Within the lines below, the span from the line with "A survey of" to the line with "<スマホケース>Google Pixel 9", both ends included, is to be reproduced exactly, with pictures omitted.
** Opening Listed entries block **
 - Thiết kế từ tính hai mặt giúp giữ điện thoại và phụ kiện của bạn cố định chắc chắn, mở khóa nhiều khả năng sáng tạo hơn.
** Closing Listed entries block **
** Opening Listed entries block **
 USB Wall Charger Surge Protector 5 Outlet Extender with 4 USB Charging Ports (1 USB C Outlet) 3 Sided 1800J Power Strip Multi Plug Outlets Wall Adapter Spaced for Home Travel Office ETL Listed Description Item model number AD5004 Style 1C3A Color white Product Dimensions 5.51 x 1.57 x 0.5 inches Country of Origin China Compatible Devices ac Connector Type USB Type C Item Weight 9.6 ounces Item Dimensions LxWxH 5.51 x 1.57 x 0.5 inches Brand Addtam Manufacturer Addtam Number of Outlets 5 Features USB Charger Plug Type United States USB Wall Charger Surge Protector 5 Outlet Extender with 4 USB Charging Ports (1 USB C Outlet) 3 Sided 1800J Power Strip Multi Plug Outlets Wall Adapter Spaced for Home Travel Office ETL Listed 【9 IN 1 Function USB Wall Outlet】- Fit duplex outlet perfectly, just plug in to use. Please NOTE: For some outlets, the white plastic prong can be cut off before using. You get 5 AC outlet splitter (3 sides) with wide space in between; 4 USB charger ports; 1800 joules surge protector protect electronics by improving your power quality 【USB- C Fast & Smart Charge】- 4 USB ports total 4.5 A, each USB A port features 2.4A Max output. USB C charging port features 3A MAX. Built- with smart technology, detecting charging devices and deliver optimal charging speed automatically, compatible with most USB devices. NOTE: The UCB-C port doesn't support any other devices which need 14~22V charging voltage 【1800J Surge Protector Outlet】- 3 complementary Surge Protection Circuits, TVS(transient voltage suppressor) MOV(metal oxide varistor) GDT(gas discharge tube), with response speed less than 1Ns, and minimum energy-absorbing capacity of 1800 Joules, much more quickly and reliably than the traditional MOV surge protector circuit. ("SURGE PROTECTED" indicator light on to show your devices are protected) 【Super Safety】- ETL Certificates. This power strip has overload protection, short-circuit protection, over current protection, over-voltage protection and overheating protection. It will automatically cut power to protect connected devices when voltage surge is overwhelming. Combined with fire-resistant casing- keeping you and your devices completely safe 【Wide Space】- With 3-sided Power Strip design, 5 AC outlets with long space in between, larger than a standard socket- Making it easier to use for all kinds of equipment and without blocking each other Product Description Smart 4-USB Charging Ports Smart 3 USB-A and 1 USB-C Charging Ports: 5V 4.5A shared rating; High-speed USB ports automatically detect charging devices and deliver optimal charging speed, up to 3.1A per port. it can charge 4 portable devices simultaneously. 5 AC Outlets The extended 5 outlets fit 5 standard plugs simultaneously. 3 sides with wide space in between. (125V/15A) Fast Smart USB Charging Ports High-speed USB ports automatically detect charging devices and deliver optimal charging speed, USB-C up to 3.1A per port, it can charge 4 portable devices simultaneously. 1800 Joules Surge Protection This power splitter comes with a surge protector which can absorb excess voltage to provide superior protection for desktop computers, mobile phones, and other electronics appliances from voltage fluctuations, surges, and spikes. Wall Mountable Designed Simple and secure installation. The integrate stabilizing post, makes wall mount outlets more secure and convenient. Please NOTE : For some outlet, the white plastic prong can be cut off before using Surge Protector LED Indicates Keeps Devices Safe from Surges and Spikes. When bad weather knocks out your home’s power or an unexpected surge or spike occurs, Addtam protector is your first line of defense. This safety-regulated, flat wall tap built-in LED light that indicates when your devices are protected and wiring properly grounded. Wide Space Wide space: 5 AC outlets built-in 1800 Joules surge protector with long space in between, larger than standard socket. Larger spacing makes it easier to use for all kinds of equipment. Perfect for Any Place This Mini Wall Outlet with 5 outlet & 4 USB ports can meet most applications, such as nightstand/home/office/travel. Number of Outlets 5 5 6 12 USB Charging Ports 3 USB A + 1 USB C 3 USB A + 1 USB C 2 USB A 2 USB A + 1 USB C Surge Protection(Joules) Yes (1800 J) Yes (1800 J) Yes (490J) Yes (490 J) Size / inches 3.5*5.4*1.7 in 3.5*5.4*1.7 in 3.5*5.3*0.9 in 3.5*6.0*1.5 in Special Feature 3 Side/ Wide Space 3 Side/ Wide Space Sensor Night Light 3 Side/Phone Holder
** Closing Listed entries block **
** Opening Listed entries block **
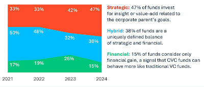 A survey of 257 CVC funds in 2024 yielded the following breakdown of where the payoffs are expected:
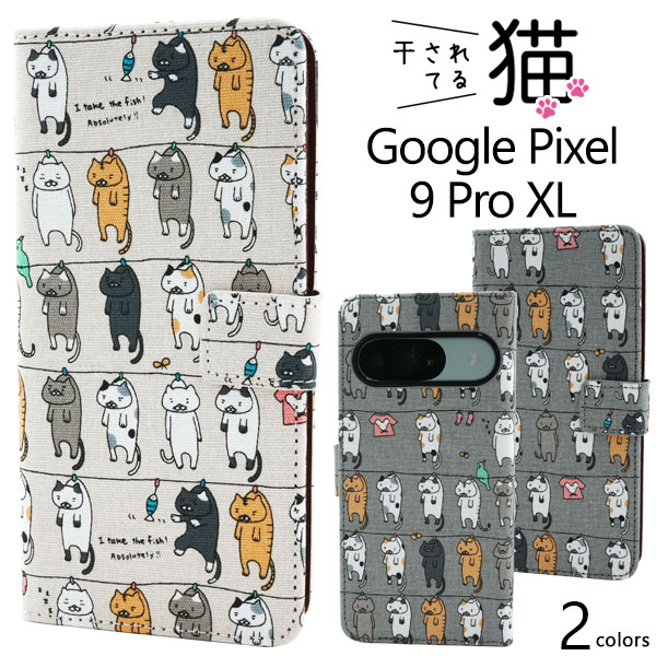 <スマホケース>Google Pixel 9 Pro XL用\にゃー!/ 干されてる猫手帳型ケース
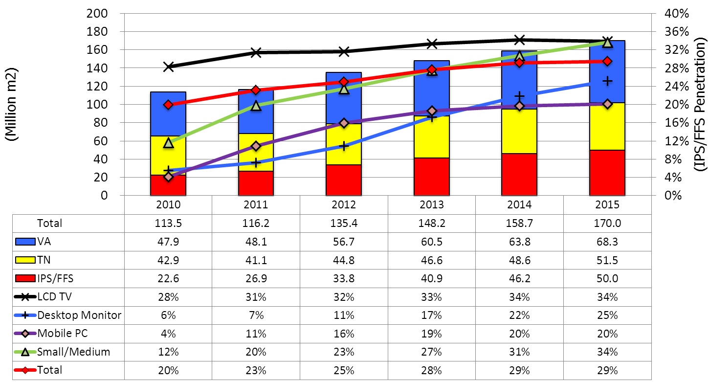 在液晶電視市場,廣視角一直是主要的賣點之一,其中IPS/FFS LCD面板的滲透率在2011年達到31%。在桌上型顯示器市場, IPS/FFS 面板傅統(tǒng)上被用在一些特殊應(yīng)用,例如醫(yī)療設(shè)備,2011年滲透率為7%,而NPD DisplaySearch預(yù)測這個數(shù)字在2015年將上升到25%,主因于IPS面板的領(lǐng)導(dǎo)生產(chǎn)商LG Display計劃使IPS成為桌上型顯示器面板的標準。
** Closing Listed entries block **
Reply to the task:
 A survey of 257 CVC funds in 2024 yielded the following breakdown of where the payoffs are expected:
 <スマホケース>Google Pixel 9 Pro XL用\にゃー!/ 干されてる猫手帳型ケース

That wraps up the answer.